Problem statement:
Starting at the line holding "每天中午,做完早市后,阿光一" and finishing at the line holding "Osez l’originalité avec", transcribe the material exactly, keeping both ends but no pictures.

Available data:
────
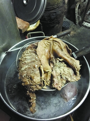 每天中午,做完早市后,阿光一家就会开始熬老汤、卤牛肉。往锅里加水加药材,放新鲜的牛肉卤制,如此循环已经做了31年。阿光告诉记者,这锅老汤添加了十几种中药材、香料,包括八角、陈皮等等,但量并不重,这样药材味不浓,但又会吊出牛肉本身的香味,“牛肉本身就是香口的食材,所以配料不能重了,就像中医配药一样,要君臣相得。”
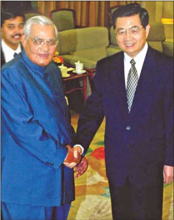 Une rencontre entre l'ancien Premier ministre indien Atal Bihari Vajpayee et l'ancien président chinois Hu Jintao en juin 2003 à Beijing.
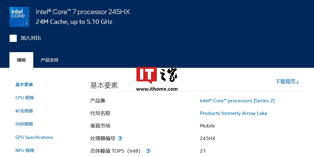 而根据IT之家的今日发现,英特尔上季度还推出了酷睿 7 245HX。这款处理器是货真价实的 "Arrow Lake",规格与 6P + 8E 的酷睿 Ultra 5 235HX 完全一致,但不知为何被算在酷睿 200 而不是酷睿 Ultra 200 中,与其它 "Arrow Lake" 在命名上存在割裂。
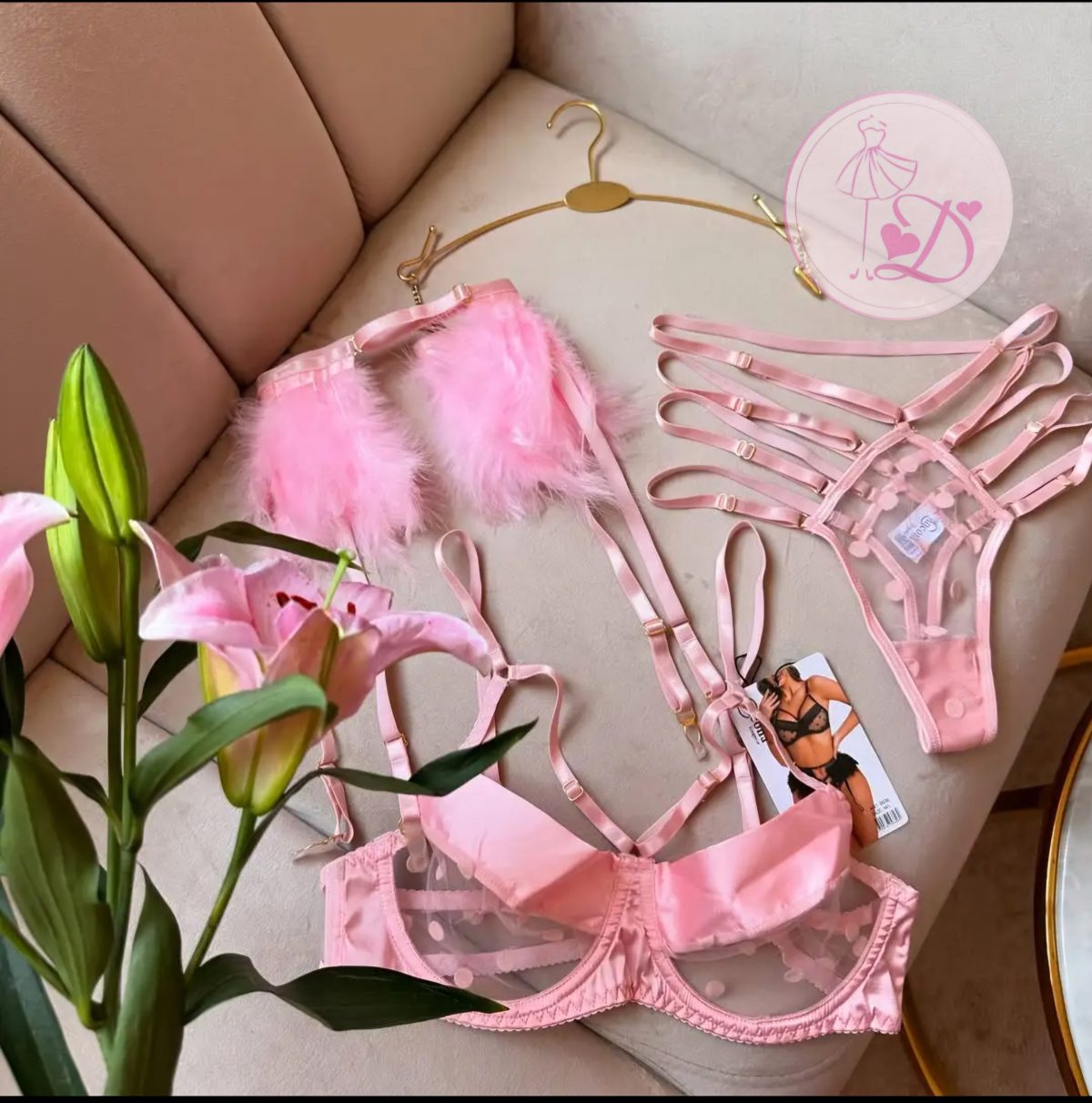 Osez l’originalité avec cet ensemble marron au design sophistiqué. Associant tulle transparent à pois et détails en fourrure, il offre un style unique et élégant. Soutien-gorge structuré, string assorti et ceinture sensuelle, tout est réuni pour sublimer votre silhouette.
────
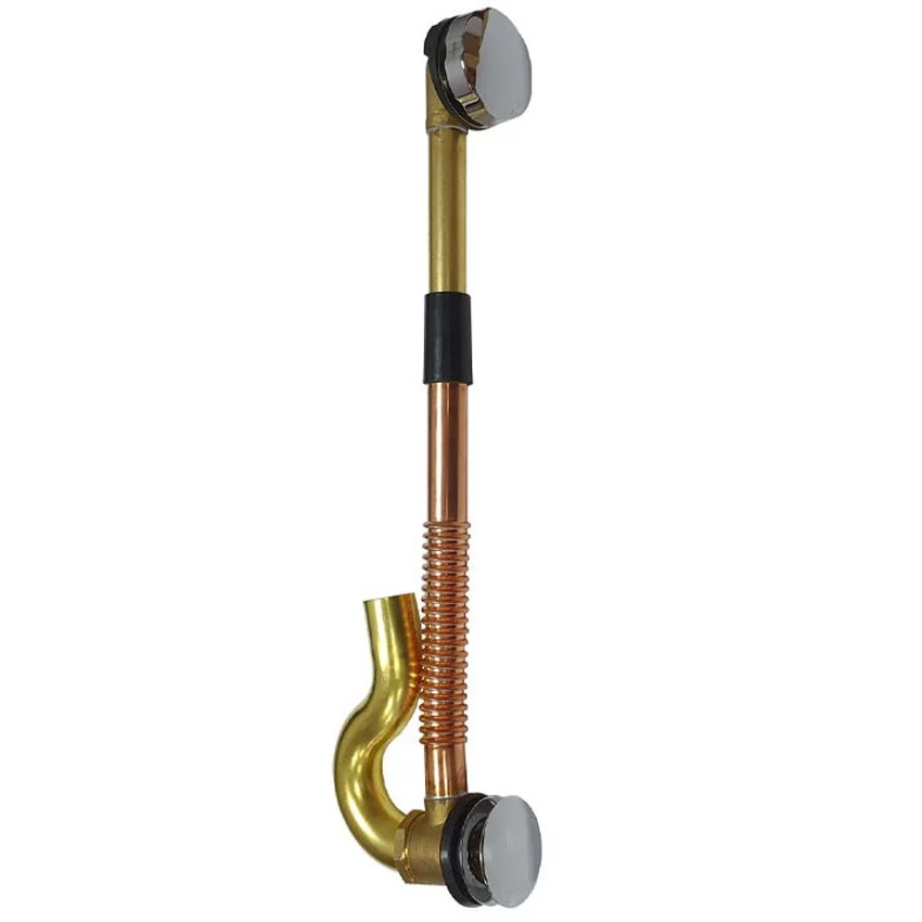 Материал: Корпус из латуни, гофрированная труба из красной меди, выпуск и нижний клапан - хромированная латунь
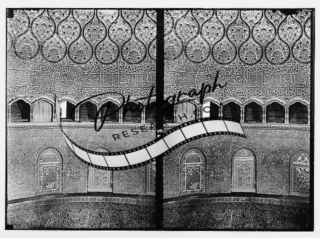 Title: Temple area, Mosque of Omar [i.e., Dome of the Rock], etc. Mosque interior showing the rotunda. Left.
────
Final answer:
 每天中午,做完早市后,阿光一家就会开始熬老汤、卤牛肉。往锅里加水加药材,放新鲜的牛肉卤制,如此循环已经做了31年。阿光告诉记者,这锅老汤添加了十几种中药材、香料,包括八角、陈皮等等,但量并不重,这样药材味不浓,但又会吊出牛肉本身的香味,“牛肉本身就是香口的食材,所以配料不能重了,就像中医配药一样,要君臣相得。”
 Une rencontre entre l'ancien Premier ministre indien Atal Bihari Vajpayee et l'ancien président chinois Hu Jintao en juin 2003 à Beijing.
 而根据IT之家的今日发现,英特尔上季度还推出了酷睿 7 245HX。这款处理器是货真价实的 "Arrow Lake",规格与 6P + 8E 的酷睿 Ultra 5 235HX 完全一致,但不知为何被算在酷睿 200 而不是酷睿 Ultra 200 中,与其它 "Arrow Lake" 在命名上存在割裂。
 Osez l’originalité avec cet ensemble marron au design sophistiqué. Associant tulle transparent à pois et détails en fourrure, il offre un style unique et élégant. Soutien-gorge structuré, string assorti et ceinture sensuelle, tout est réuni pour sublimer votre silhouette.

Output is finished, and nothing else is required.